** Problem requirements **
Shown below are entries with pictures; the line with "S925純銀4mm單鑽項鍊_鍍白金" through the line with "屬性:庭院效果圖 庭院面積:200-500㎡ 庭院設計風格:現代簡約" is the span to retype exactly, and the pictures stay out.

*** Material provided ***

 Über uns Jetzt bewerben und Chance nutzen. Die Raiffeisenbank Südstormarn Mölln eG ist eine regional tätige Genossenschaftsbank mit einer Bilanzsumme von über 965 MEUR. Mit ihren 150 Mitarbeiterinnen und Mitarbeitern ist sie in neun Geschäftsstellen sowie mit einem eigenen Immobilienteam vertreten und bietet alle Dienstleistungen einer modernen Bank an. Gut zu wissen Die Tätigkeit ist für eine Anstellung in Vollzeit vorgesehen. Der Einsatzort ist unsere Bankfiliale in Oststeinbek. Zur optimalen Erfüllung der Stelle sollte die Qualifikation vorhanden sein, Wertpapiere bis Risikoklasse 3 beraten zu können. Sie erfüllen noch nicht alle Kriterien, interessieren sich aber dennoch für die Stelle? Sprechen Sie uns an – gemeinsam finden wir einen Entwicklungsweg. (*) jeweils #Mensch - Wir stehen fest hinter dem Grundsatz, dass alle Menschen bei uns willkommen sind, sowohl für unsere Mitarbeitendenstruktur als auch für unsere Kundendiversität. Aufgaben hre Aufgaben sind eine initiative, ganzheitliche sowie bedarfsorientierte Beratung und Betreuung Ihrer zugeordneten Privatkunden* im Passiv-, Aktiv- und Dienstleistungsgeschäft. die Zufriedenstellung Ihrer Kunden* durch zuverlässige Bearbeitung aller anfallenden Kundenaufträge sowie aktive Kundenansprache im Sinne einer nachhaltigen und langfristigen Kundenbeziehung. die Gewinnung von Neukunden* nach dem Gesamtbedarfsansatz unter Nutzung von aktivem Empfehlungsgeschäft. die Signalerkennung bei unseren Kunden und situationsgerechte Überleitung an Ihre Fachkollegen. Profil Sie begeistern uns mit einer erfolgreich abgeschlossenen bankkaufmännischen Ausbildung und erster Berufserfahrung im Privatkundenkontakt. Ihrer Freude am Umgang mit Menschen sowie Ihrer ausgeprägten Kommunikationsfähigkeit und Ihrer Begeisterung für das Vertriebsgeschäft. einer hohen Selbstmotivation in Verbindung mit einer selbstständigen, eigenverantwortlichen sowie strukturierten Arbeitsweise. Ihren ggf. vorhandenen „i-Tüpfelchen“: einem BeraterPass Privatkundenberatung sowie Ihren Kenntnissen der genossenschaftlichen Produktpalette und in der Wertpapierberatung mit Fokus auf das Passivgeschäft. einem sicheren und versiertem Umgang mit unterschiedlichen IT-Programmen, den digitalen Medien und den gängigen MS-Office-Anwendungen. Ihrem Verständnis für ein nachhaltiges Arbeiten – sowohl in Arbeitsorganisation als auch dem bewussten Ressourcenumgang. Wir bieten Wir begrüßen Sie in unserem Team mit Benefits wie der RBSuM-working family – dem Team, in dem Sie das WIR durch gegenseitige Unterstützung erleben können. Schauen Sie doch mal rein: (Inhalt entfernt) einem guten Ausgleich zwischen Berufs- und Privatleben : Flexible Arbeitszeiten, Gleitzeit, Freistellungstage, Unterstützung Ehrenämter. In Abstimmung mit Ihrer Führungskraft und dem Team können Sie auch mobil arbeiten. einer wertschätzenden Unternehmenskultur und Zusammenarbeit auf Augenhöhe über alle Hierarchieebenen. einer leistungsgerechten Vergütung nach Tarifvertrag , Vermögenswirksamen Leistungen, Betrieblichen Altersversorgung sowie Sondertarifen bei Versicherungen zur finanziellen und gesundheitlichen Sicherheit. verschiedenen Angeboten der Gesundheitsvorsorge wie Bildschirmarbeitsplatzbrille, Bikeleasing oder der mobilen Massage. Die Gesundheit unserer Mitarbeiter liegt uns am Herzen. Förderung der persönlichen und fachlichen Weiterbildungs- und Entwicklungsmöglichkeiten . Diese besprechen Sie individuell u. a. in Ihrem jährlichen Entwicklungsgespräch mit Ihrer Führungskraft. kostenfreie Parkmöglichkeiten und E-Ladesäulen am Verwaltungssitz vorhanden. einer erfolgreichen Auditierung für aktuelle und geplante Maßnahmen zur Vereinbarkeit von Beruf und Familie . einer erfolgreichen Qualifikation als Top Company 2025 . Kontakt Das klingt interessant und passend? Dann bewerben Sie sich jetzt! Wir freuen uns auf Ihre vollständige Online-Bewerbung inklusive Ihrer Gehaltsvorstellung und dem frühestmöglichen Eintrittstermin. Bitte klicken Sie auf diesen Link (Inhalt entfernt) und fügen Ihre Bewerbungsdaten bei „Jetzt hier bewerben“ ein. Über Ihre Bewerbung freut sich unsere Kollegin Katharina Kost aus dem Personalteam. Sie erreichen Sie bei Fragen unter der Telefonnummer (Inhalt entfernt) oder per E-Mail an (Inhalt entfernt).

*** End of Material provided ***
*** Material provided ***

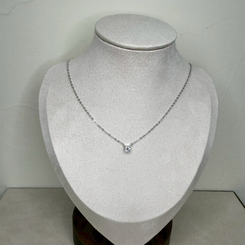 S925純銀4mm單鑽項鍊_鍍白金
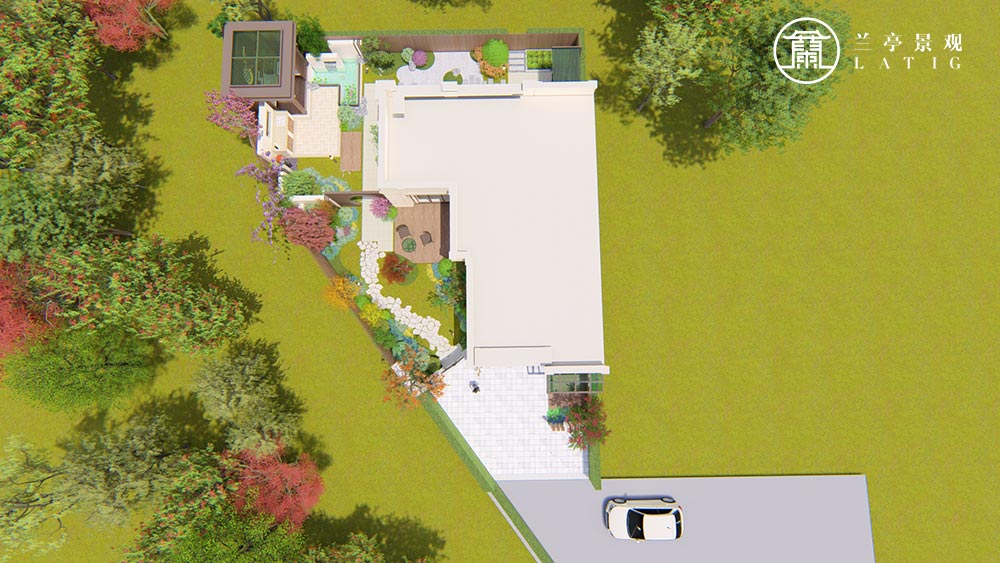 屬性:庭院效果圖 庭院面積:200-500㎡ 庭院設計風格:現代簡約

*** End of Material provided ***
*** Material provided ***

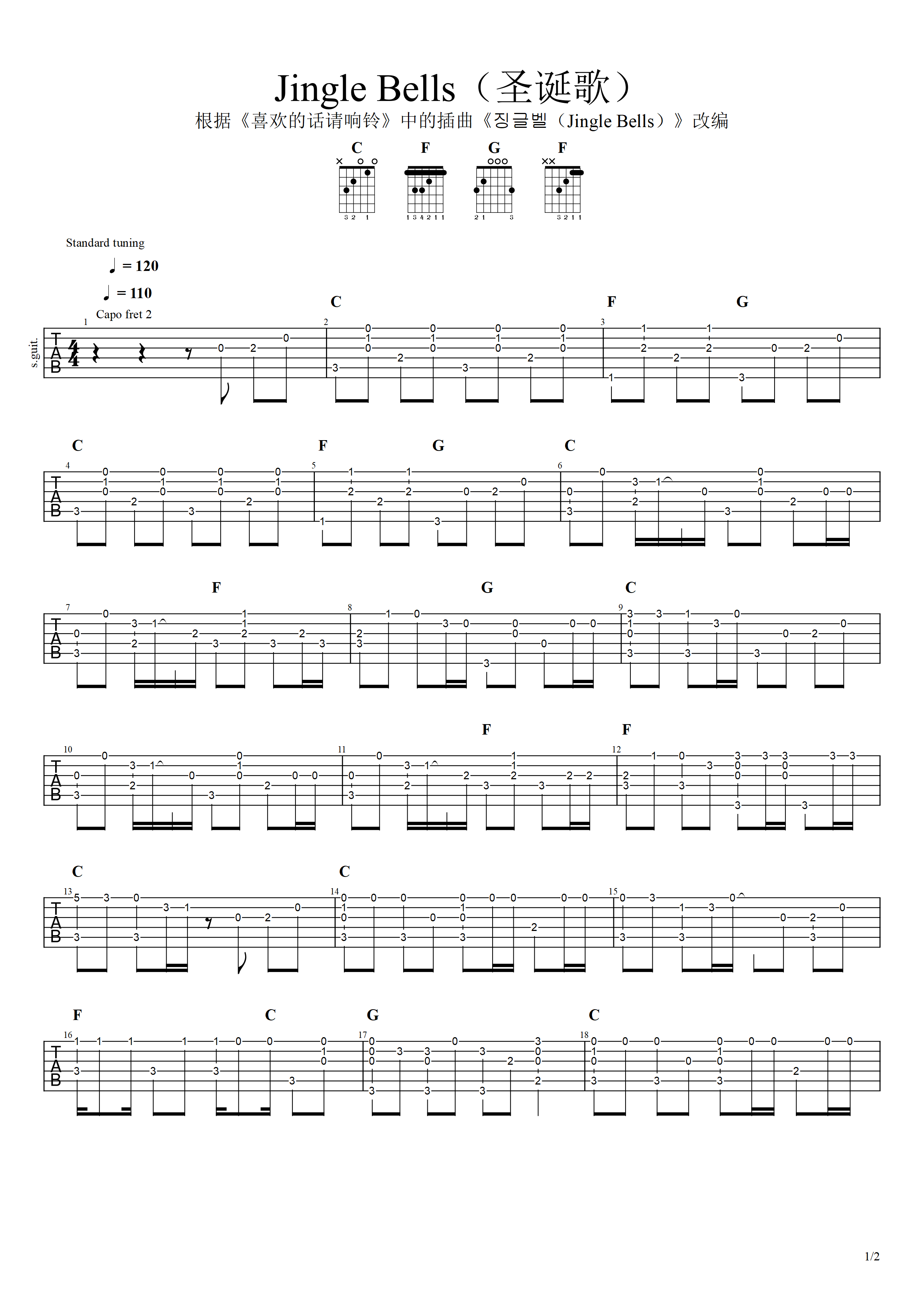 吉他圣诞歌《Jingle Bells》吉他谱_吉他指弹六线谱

*** End of Material provided ***

** Answer **
 S925純銀4mm單鑽項鍊_鍍白金
 屬性:庭院效果圖 庭院面積:200-500㎡ 庭院設計風格:現代簡約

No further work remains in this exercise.